TN 4 (02-90)
DI 33015.032 Continuance of Disability Hearing
The adjourning and reconvening of the disability hearing at a later date.
2. Expert witnesses
Individuals who can offer professional testimony with regard to the claimant's impairment(s) or ability to work, i,e., physicians, recognized vocational experts, etc.
Continuances occur when either the claimant, representative or one or more witnesses have good cause (see CFR 404.914(c)(2) and 416.1414(c)(2)) for failing to appear at the scheduled hearing.
Continuances may be granted at the request of whoever appears at the hearing. (Those cases in which no one appears (or asks for postponement) are considered “No shows” and are decided on the record.)
The DHO is responsible for deciding whether to grant a continuance.
NOTE: See C. below for some factors to be used in assessing whether to allow a continuance initiated by the claimant.
Continuances may also be initiated by the DHO, e.g., when it appears at the hearing that an interpreter is unqualified to serve.
1. Claimant/Representative fails to appear
Elicit an explanation of the failure to appear as well as an allegation that the person's presence is necessary from the individual who has appeared and requested the continuance.
Explore the possibility of holding the hearing with the claimant or representative who has appeared. Make it clear that you will continue the hearing at a later date if the person appearing does not wish to proceed or if you believe the non-appearing person is crucial to that hearing.
Example: A claimant's attorney does not appear—claimant agrees to begin the hearing without the attorney; however, during the hearing the claimant alleges he does not wish to continue without the attorney. Adjourn and reconvene the hearing so the attorney can be present.
Use judgment in deciding whether to grant another continuance if more than one has already been granted.
2. Witness fails to appear
Hold hearing as scheduled.
Decide at the conclusion of the hearing if a continuance is warranted to obtain testimony from the absent witness(es).
Explain that the hearing is the necessary first step in determining if witness testimony is needed if the claimant/representative refuses to proceed with the hearing. Also explain that if the hearing is not held, the case will be decided on the record. Ensure that everyone understands the consequences of refusing to proceed.
Consider the following factors in deciding whether to grant a continuance for all witnesses. Use these factors as a balancing test and use discretion and judgment in making the decision.
Whether there is good cause for why the witness did not attend the hearing (emergency, surgery, etc.). Determine when the claimant (representative) was aware that the witness could not attend and whether an attempt was made to postpone the hearing.

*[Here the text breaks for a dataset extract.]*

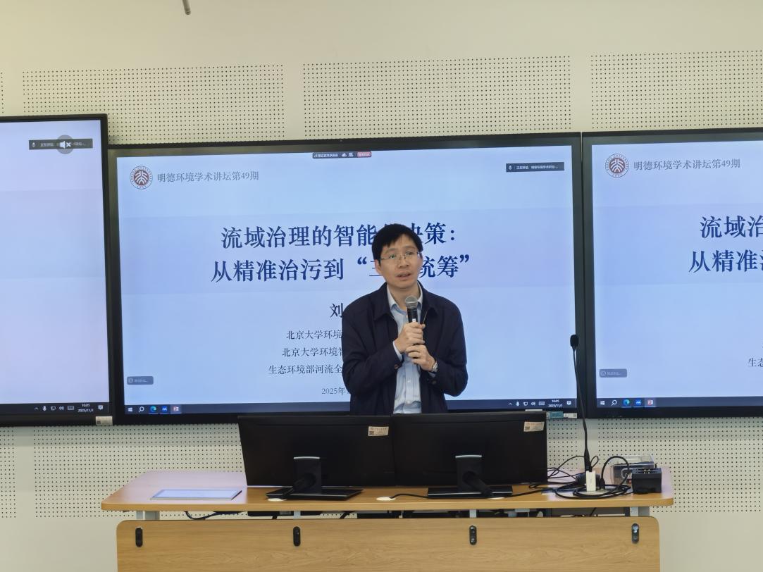 2025年11月1日,中国人民大学生态环境学院主办的“明德环境学术讲坛”第四十九讲以线上线下结合、通州校区与中关村校区同时进行的方式成功举办。本次讲坛邀请北京大学博雅特聘教授、环境科学与工程学院院长、青藏高原研究院副院长、环境智能交叉研究中心主任刘永教授来到中国人民大学通州校区作了题为“流域治理的智能化决策:从‘精准治污’到‘三水统筹’”的学术报告。中国人民大学生态环境学院副院长昌敦虎教授主持会议并首先致辞,代表学院对刘永教授为我院师生作学术报告表示诚挚感谢,并对参会师生在交流学习过程中能够有所收获提出了殷切期望。

Whether the testimony of the non-appearing witness is material or relevant to the disability determination. This will be based on a review of the entire record, including the evidence adduced at the hearing. This factor may play a critical role in the case of expert witnesses, e.g., the DHO may question the physician and elicit testimony on particular points in the adjudication process which may not be reflected in medical reports previously submitted.
Annotate the hearing report form to reflect that a continuance was requested and its disposition.
If continuance granted:
document the DHU and claims folder to reflect that the case was continued, at whose request, and the reason why granted,
schedule another hearing for the earliest date possible, and
assign the case to the same DHO if a substantive action was taken.